◆ What is being asked
Retype the data below verbatim; pictures do not belong in the copy.

◆ Data below
........
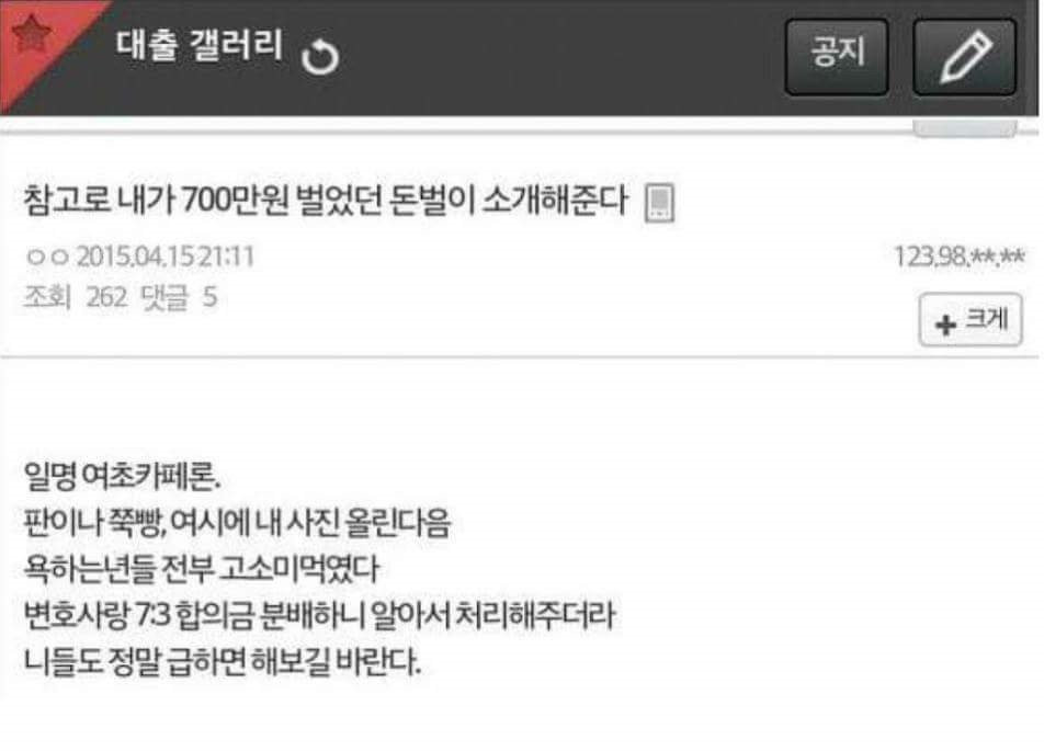 대출갤러리 700만원 버는 썰 우라칸 0 1010 0 06.09 04:00 link URL 복사: https://humorpick.com/bbs/board.php?bo_table=ssul&wr_id=195 0
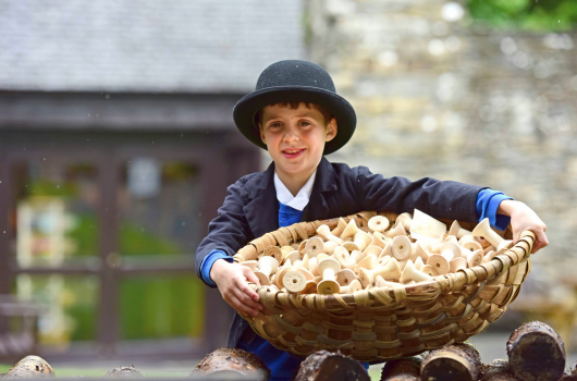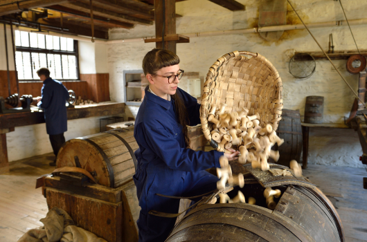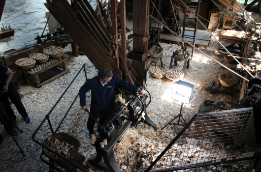 A volunteer demonstrating turning a bobbin at Stott Park Bobbin Mill
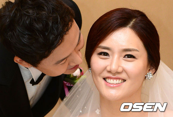 구리 KDB생명의 강영숙(31)이 25일 오후 서울 아펠가모 잠실점에서 김장석(34) 씨와 웨딩마치를 울렸다.
........
◆ Response to this exercise
 대출갤러리 700만원 버는 썰 우라칸 0 1010 0 06.09 04:00 link URL 복사: https://humorpick.com/bbs/board.php?bo_table=ssul&wr_id=195 0
 A volunteer demonstrating turning a bobbin at Stott Park Bobbin Mill
 구리 KDB생명의 강영숙(31)이 25일 오후 서울 아펠가모 잠실점에서 김장석(34) 씨와 웨딩마치를 울렸다.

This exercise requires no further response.